Anger and resistance toward Chinese rule in Hong Kong has been particularly strong among young people. In 2013, Beijing’s nerves were rattled when the Occupy Central movement pledged massive civil disobedience action in Hong Kong’s central business district in the effort to win democratic rights. In 2014, Hong Kong was rocked by the Umbrella Revolution protests that again put Beijing on edge. Repeated calls for an independent Hong Kong have likewise sent Beijing into hissy fits.
In each case, Beijing’s reaction has shown weakness rather than strength. Clearly, China's rulers see such developments as a threat to their hold on power over Hong Kong and perhaps even over mainland China, not to mention their hopes of gaining control of Taiwan. “Beijing has found itself in a no-win situation in Hong Kong,” writes China critic Big Lychee at The Nanfang. Protesters in Hong Kong “have found one of Beijing’s hyper-sensitive nerves,” according to Big Lychee, “and they are mercilessly needling it for all it’s worth.”

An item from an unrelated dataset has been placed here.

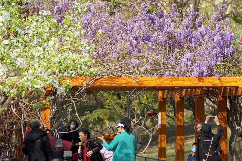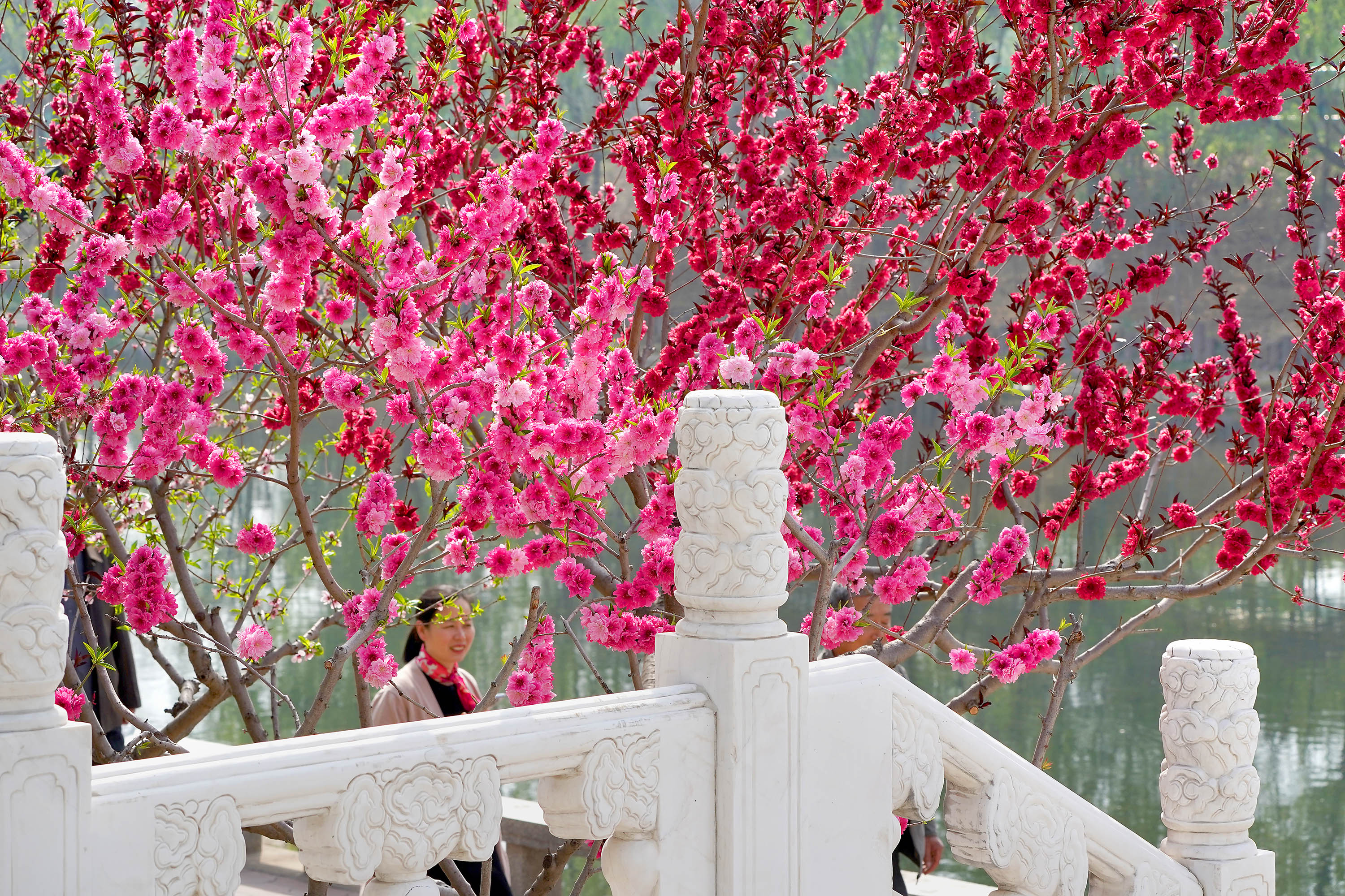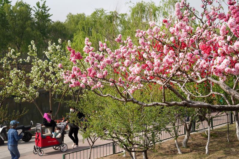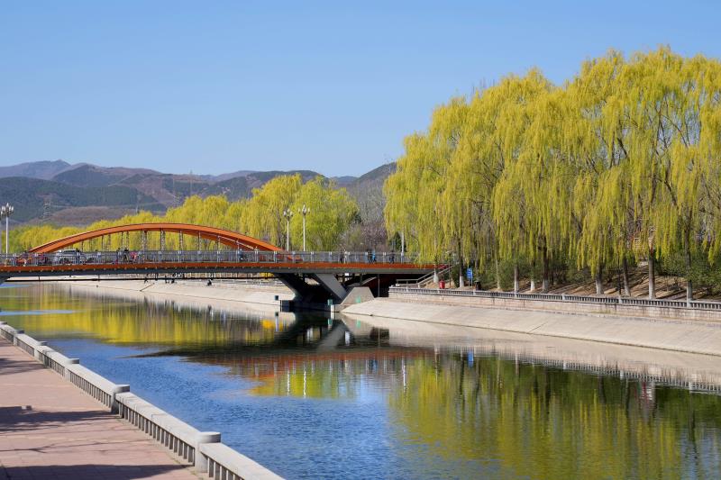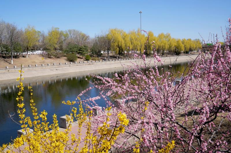 海淀区清河沿岸桃红柳绿,水清天蓝,春意正浓。

All that Beijing and its puppets in Hong Kong seem to be able to talk about, as Big Lychee further observes, is how nobody should talk about Hong Kong independence. Talk of independence “threatens the safety of Hong Kong,” said People’s Daily (while still talking about it), so much that “Hong Kong residents should remain highly alert” to such talk.

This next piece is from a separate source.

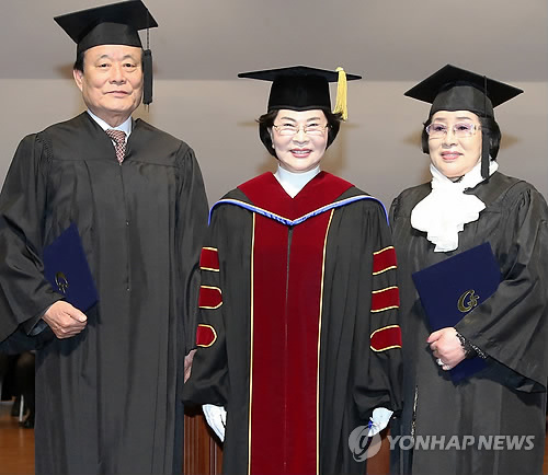 | △ (성남=연합뉴스) 26일 성남 가천대학교에서 열린 전기 학위수여식에서 경영학 학사학위를 받은 유정자(74·여·오른쪽)씨와 제광웅(73·왼쪽)씨가 이길여 총장과 포즈를 취하고 있다. 2015.2.26 <<가천대>> gaonnuri@yna.co.kr |
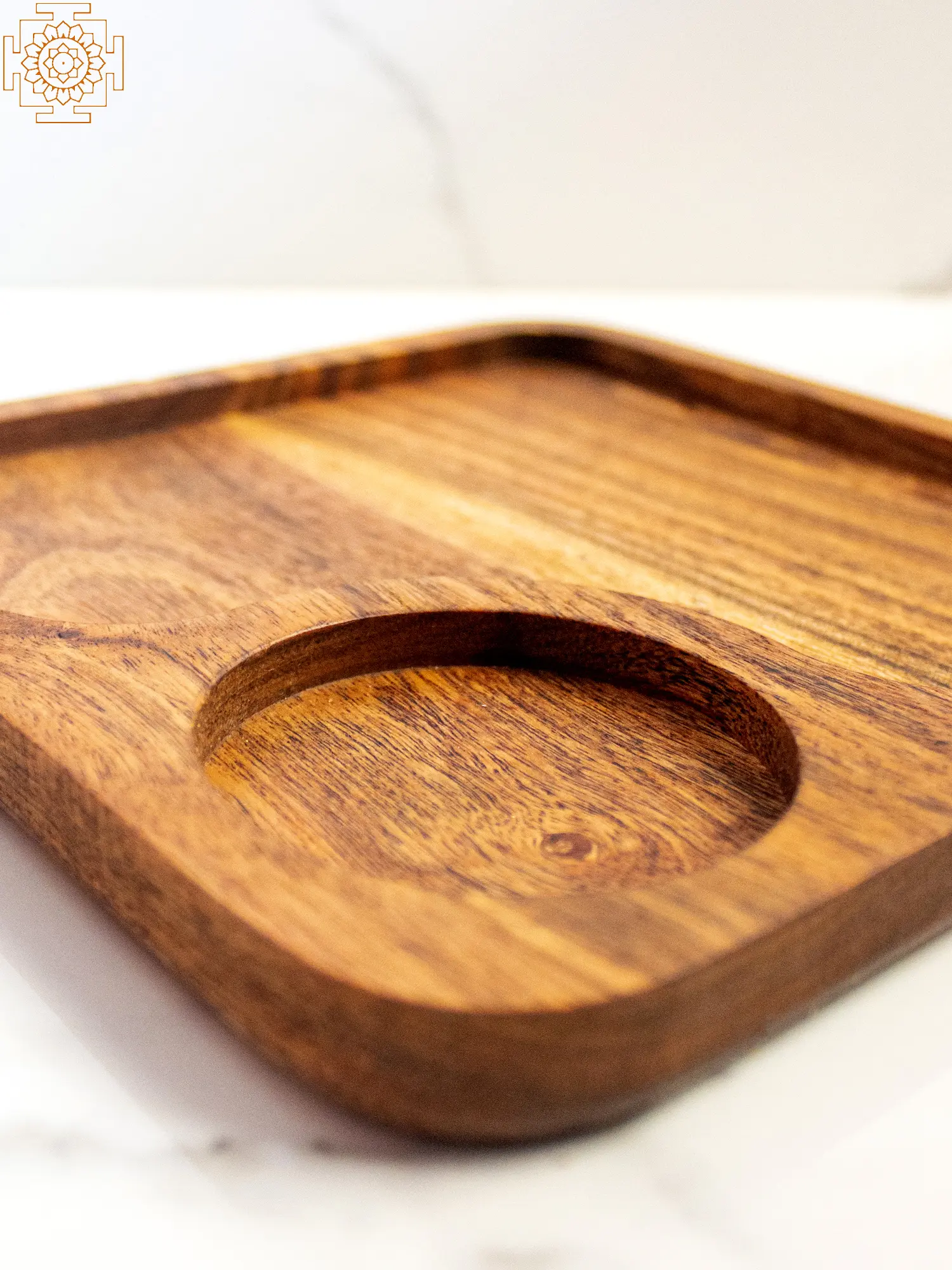 Acacia wood trays, a new trend in dinnerware, come in a variety of forms. This wooden coffee cookie plate is a welcome contribution to the growing trend of combining practicality with minimalist elegance. The tray has a cup storage area as well as a larger space for cookies, allowing you to keep both items in one place. This is a must-have for everyone who appreciates unusual yet functional items.

The stream of venom and vitriol directed at Hong Kong democracy and independence activists by Chinese state-run media has been incessant, ugly, and highly unbecoming the “great power” China imagines itself to be. Student activists in Hong Kong have been accused of “sedition” and attacked as “useless young people” with “personality disorders” whose “only social life is throwing bricks in the streets.”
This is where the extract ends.